Excerpts from a dataset
┌──

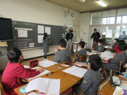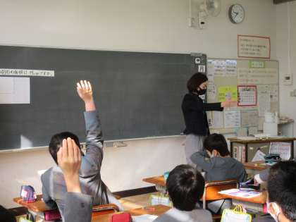 4年生で研究授業がありました。算数で、正方形や長方形を使って、いろいろな形の図形の面積の求め方について勉強しました。
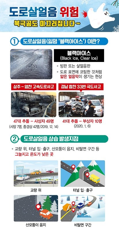 이윤상 국토부 도로국장은 “정부는 겨울철 도로사고 예방을 위해 사전 대비에 만전을 기하고 폭설이나 살얼음이 발생하는 경우, 즉시 국민에게 상황을 알리고 신속히 위험요소를 제거하는데 노력을 집중하겠다”며 “가장 효과적인 안전대책은 안전운전이므로 도로 이용자는 도로 살얼음 위험 및 교통사고 예방수칙과 눈길 안전운전 요령을 숙지·준수하고 눈길에서는 가급적 대중교통을 이용해달라”고 당부했다.
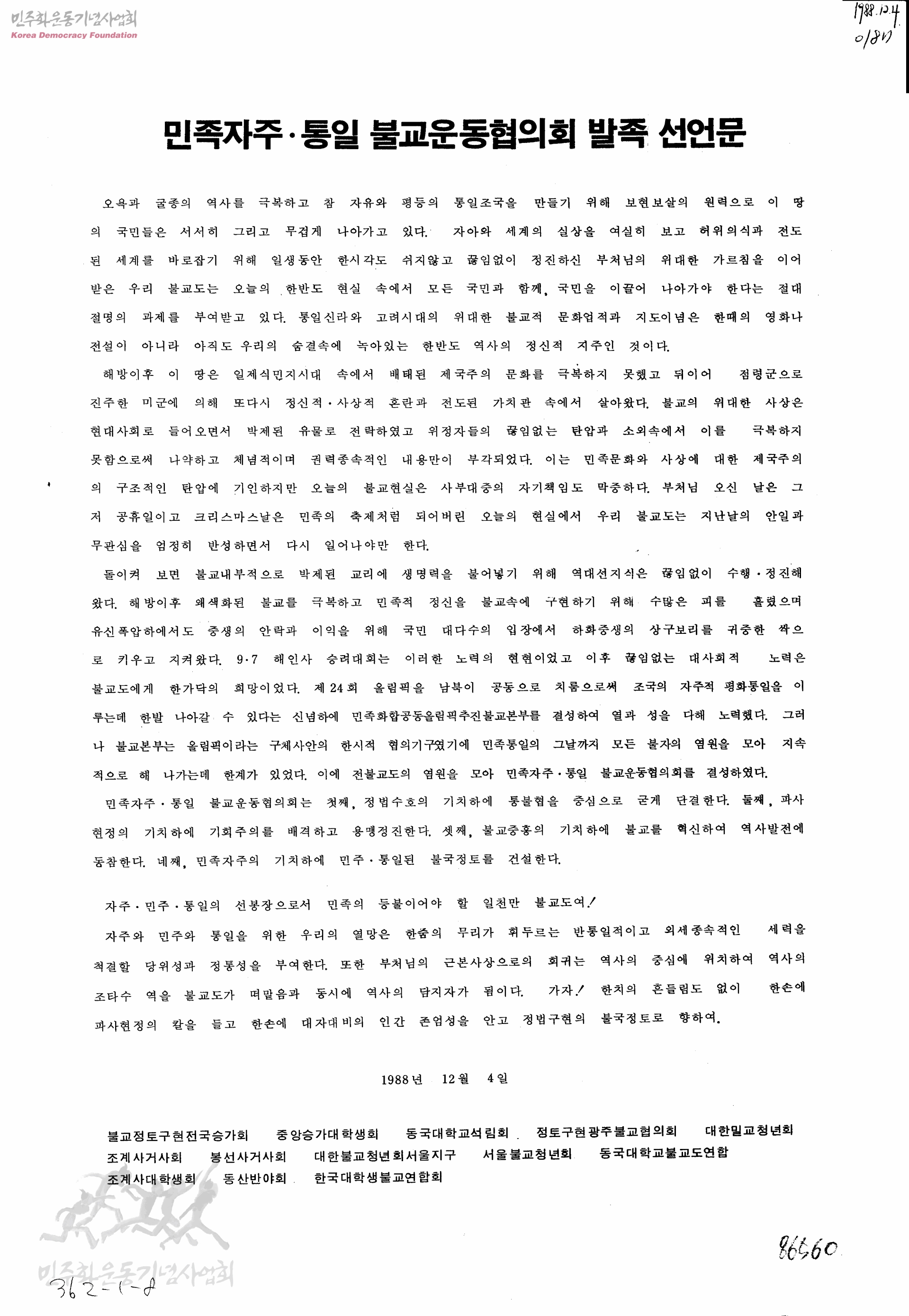 - 불교정토구현전국승가회, 중앙승가대학생회, 동국대학교석림회, 정토구현광주불교협의회, 대한밀교청년회, 조계사거사회, 봉선사거사회, 대한불교청년회서울지구, 서울불교청년회, 동국대학교불교도연합, 조계사대학생회, 동산반야회, 한국대학생불교연합회
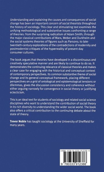 Understanding and explaining the causes and consequences of social change has been an important concern of social theorists throughout the history of sociology. This wide-ranging text focuses on a rich and diverse body of theoretical work, from Adam Smith and Comte to Lyotard and Baudrillard, in order to demonstrate the relevance of both classical and contemporary social theory to the wider social world and to show that, while social theory may not deliver all the answers we might like, it does improve the quality of the questions we can ask about how social change comes about, what its effects are and where it is leading us.
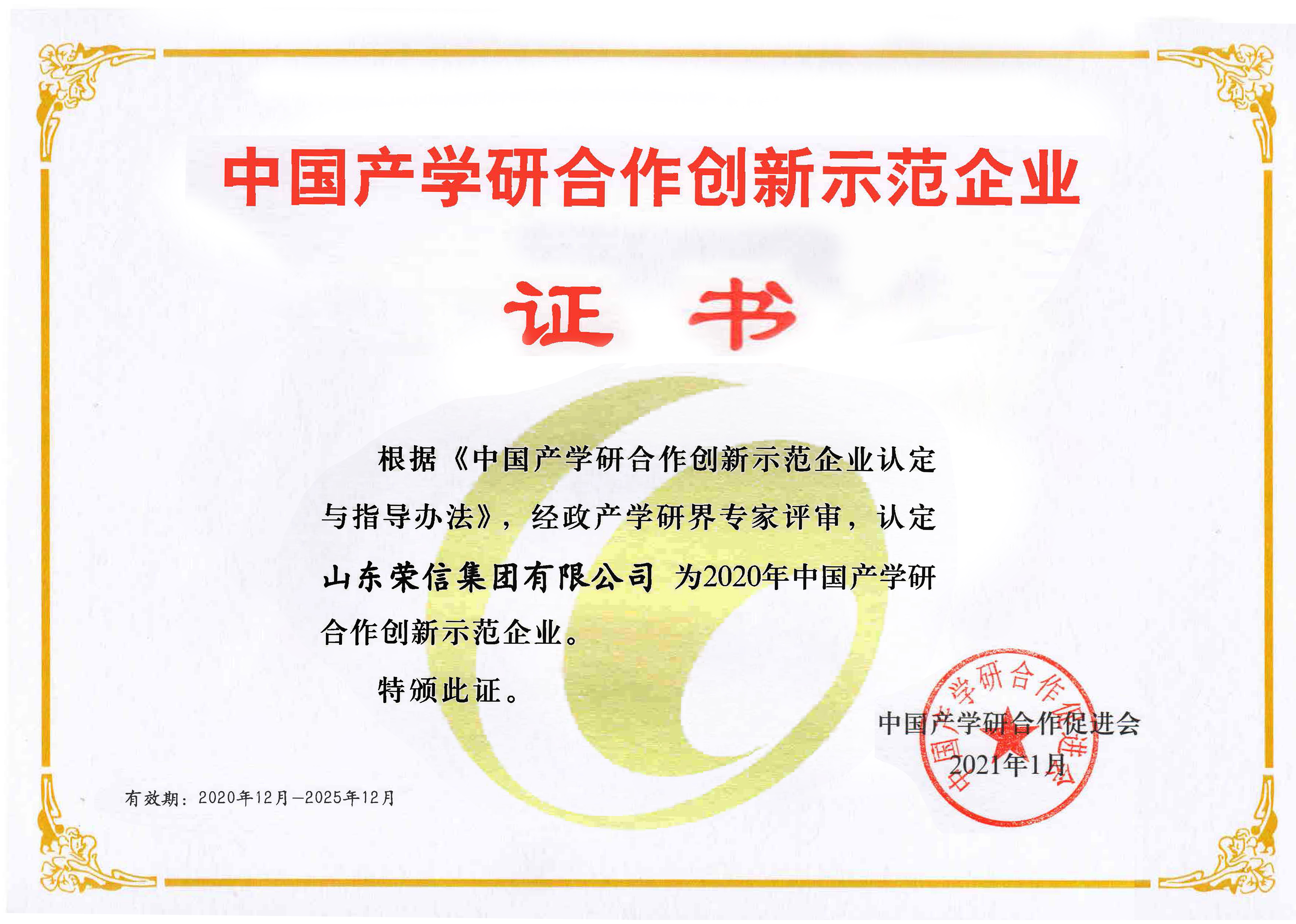 2021年中國產學研合作創新示范企業-榮信集團證書

└──

In your copy, include every record word for word but no pictures.

 4年生で研究授業がありました。算数で、正方形や長方形を使って、いろいろな形の図形の面積の求め方について勉強しました。
 이윤상 국토부 도로국장은 “정부는 겨울철 도로사고 예방을 위해 사전 대비에 만전을 기하고 폭설이나 살얼음이 발생하는 경우, 즉시 국민에게 상황을 알리고 신속히 위험요소를 제거하는데 노력을 집중하겠다”며 “가장 효과적인 안전대책은 안전운전이므로 도로 이용자는 도로 살얼음 위험 및 교통사고 예방수칙과 눈길 안전운전 요령을 숙지·준수하고 눈길에서는 가급적 대중교통을 이용해달라”고 당부했다.
 - 불교정토구현전국승가회, 중앙승가대학생회, 동국대학교석림회, 정토구현광주불교협의회, 대한밀교청년회, 조계사거사회, 봉선사거사회, 대한불교청년회서울지구, 서울불교청년회, 동국대학교불교도연합, 조계사대학생회, 동산반야회, 한국대학생불교연합회
 Understanding and explaining the causes and consequences of social change has been an important concern of social theorists throughout the history of sociology. This wide-ranging text focuses on a rich and diverse body of theoretical work, from Adam Smith and Comte to Lyotard and Baudrillard, in order to demonstrate the relevance of both classical and contemporary social theory to the wider social world and to show that, while social theory may not deliver all the answers we might like, it does improve the quality of the questions we can ask about how social change comes about, what its effects are and where it is leading us.
 2021年中國產學研合作創新示范企業-榮信集團證書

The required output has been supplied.